Most people upgrade lights by going to T5, because it is the latest and greatest, and undoubtably gives the most light per watt. That means the market for T8 special aquarium bulbs is very limited. T8 bulbs are used in a lot of ceiling lights, so there are many T8 bulbs available now, ranging from about 3700K to 4100K to 6500K and including "Plant Gro" type bulbs, which tend to look reddish lavender when lit. So, I don't think it would pay anyone to sell special aquarium rated T8 bulbs. Also, several years ago people found that ordinary hardware store T8 bulbs will grow plants very well, so why spend extra for aquarium bulbs.


----------



## comet (Jun 10, 2006)

Those are very good points! I just happen to like this light over my low tech 20 long. And I'm guessing the co. tries to accommodate the type of light strips being sold... Thanks again Hoppy. Wish I could hold all your knowledge in my brain. :confused1:


----------



## FSM (Jan 13, 2009)

Aqua-glo bulbs appear a bit dimmer than power-glo bulbs, in my experience at least. I like 10,000k bulbs, generally they are more whitish than the bluish 18000k bulbs.


----------



## S&KGray (Nov 12, 2008)

Yes they do appear dimmer because aqua-glo bulbs peak in the blue and red areas of the spectrum with only a small peak in the green/yellow. Great for photosynthesis but not very good for viewing. Power-glo bulbs peak in the blue, green, very high in yellow, with a very small peak in the red.


----------



## Hilde (May 19, 2008)

comet said:


> from my previous thread on June 4,
> "I would like to keep it as a low light tank. *No* CO2


I am doing the same thing now. Tried 85watts over my 29 gallon tank until I saw the electric bill go up. Tried the diy Co2 and hated the smell of it. 


comet said:


> Size of tank is;
> 48 1/4" L, 12 3/4" W, 16 7/8" H
> I purchased a used/like new Perfect-a-light Double Bright 48" light strip, high polished aluminum reflector. It came with two 40W, T10 Eclipse Natural Daylight fluorescent bulbs. Perfecto mfg. K rating for the 24" daylight, and that's 5200.

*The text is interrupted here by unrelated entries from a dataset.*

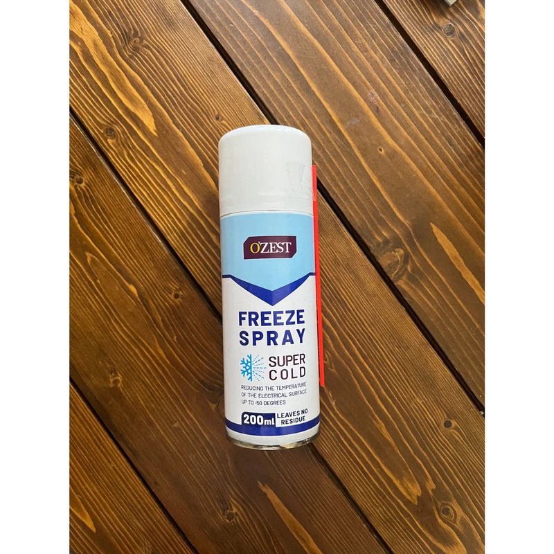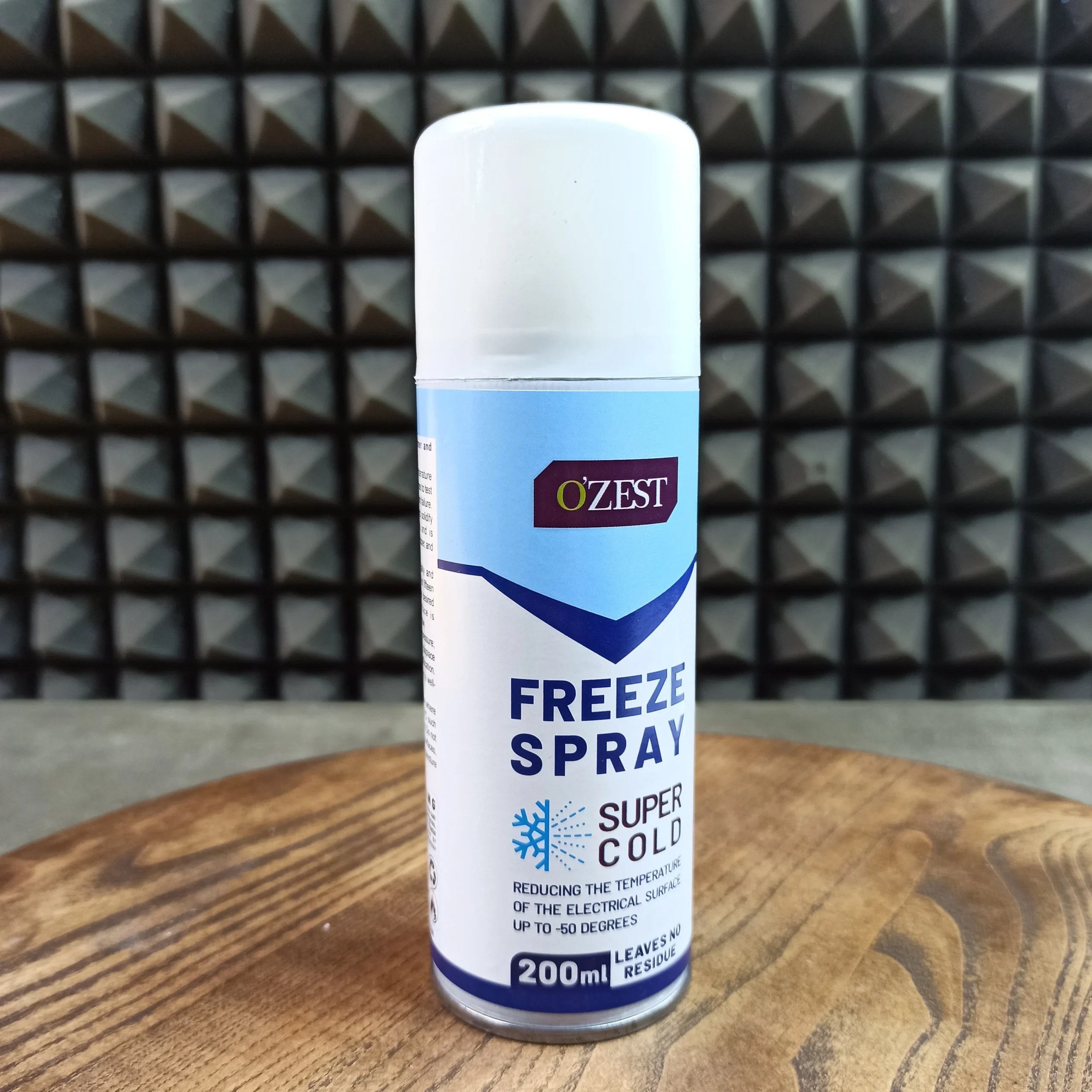 قطعات الکترونیکی معیوب روی برد پس از اعمال جریان , درجه حرارت بالاتری نسبت به سایر قطعات دارند, این اسپری فریز دمای برد گوشی را تا -50 درجه سانتیگراد پایین میاورد و باعث یخ زدگی موقت برد و آی سی های گوشی میشود و شما با استفاده از اتصال برد گوشی به منبع تغذیه،با آب شدن قسمت فریز شده به راحتی میتوانید از محل اتصالی و ایراد بر روی برد آگاه شوید.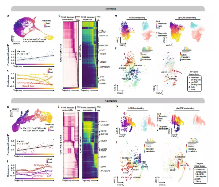 為了進(jìn)一步揭示阿爾茨海默癥膠質(zhì)細胞異質(zhì)性的分子機制,研究人員使用Monocle3進(jìn)行了偽時(shí)間軌跡分析。在少突膠質(zhì)細胞、小膠質(zhì)細胞和星形膠質(zhì)細胞中整合的snATAC-seq和snRNA-seq數據。多組軌跡分析能夠研究在細胞狀態(tài)轉換的連續體中基因表達、染色質(zhì)可及性和TF基序可變性的動(dòng)態(tài)。研究人員使用遞歸變異自動(dòng)編碼器(RVAE)對基因表達和染色質(zhì)可及性動(dòng)態(tài)進(jìn)行建模。對于每種細胞類(lèi)型,研究人員確定了沿著(zhù)軌跡差異表達的基因(t-DEGs)。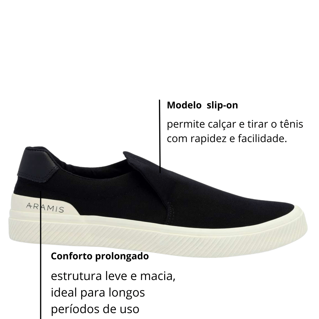 Modelo: Tênis Aramis Masculino Daily Slip Canvas Preto Off White
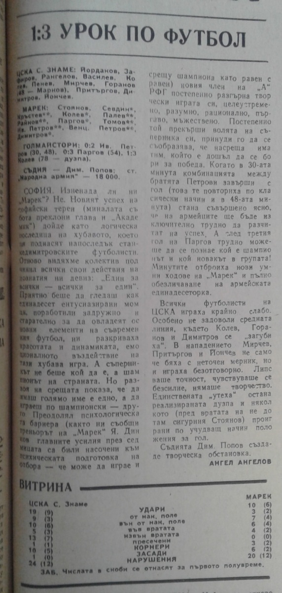 «ЦСКА Септемврийско Знаме» София - «Марек» Станке-Димитров - 1:3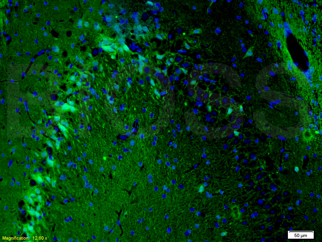 Paraformaldehyde-fixed, paraffin embedded (Mouse brain); Antigen retrieval by boiling in sodium citrate buffer (pH6.0) for 15min; Block endogenous peroxidase by 3% hydrogen peroxide for 20 minutes; Blocking buffer (normal goat serum) at 37°C for 30min; Antibody incubation with (MAP2) Polyclonal Antibody, Unconjugated (bs-1369R) at 1:400 overnight at 4°C, followed by a conjugated Goat Anti-Rabbit IgG antibody (bs-0295G-FITC) for 90 minutes, and DAPI for nuclei staining.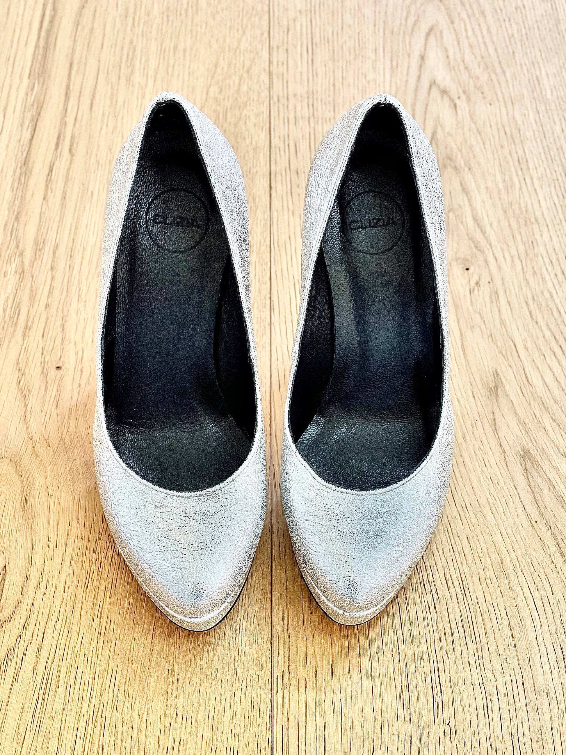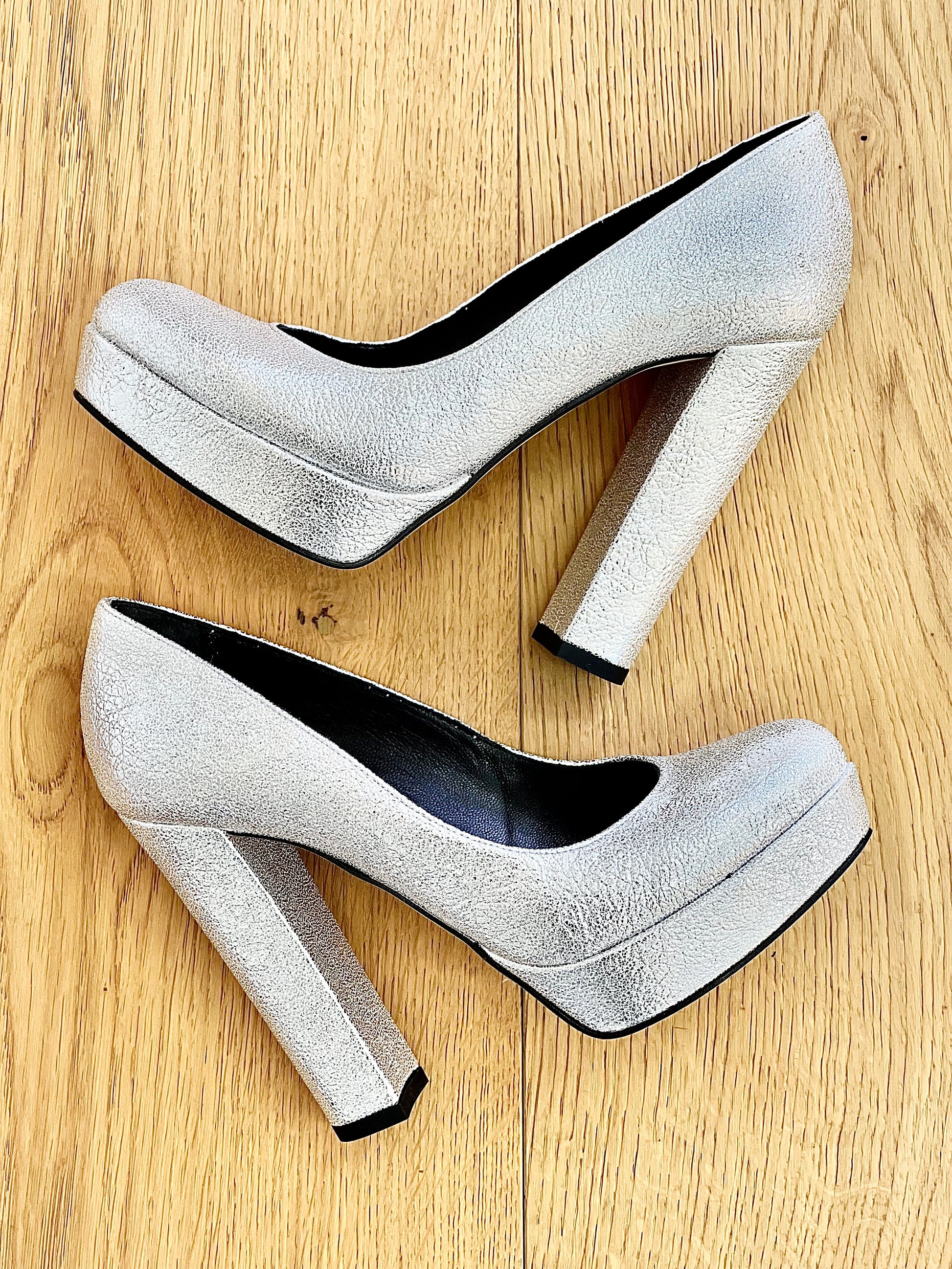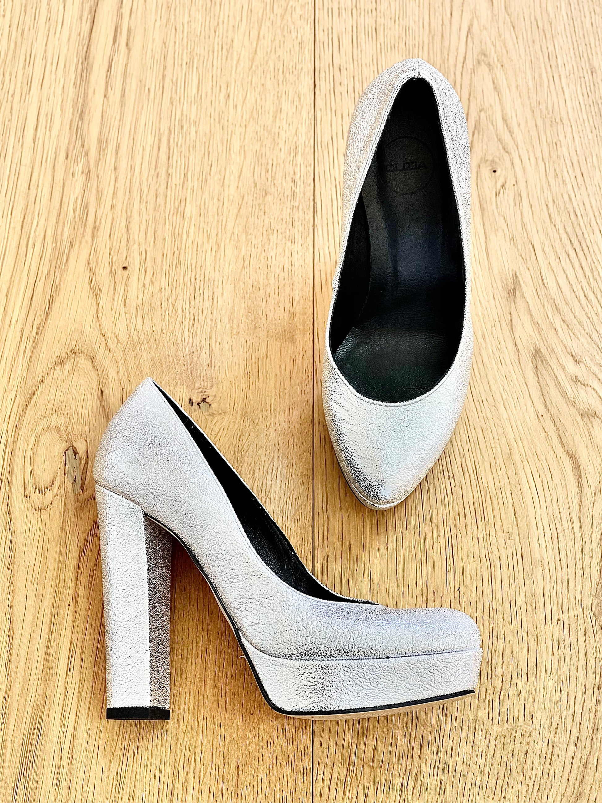Ronde teen decolleté in laminaat 12cm hoge hak en 3cm plateau.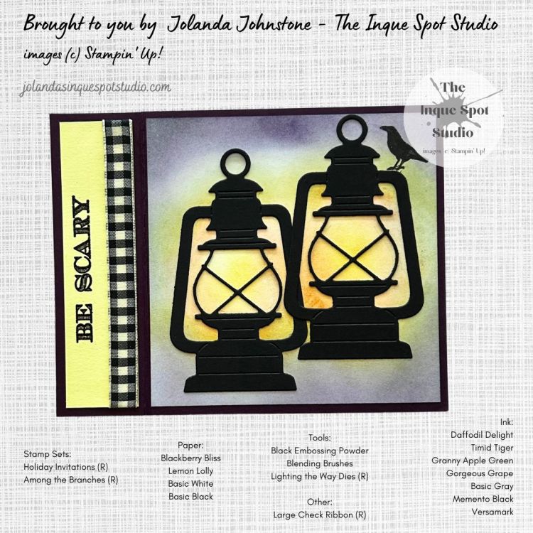 - The Raven image from the retired Among the Branches stamp set was stamped with Memento Tuxedo Black ink (after the Lantern was adhered in place).

I am finding that the color spectrum is more important than the wattage for most plants. The wpg rule is outdated for it is based on T12 bulbs and those aren't used my many anymore. They don't get as much light to the bottom of the tank as the smaller tubes do.

It has a good kelvin rating thus it may work. If not you might try to to add a small light strip to it.


----------



## Hilde (May 19, 2008)

comet said:


> My final decision is to go with 1 40W T8 Aqua-Glo and 1 32W T8 Philips Daylight Deluxe.


I am thinking of doing something similar for my 30in long tank. At the moment I have a 20w T8 Philips Daylight bulb, 20w T8 Zoo Med Ultra daylight bulb and Life-Glo2. I am planning on replacing the Philips bulb with a 18,000k bulb to bring out the colors of the fish more. The power-glo and aqua-glo are 18,000k.

Have you tried getting an independent pet store to order bulbs for you? Googled Power-glo and found the 48in T8 here. here
It is cheaper on line than in petsmart for me. 

Can't wait to see the results!!


----------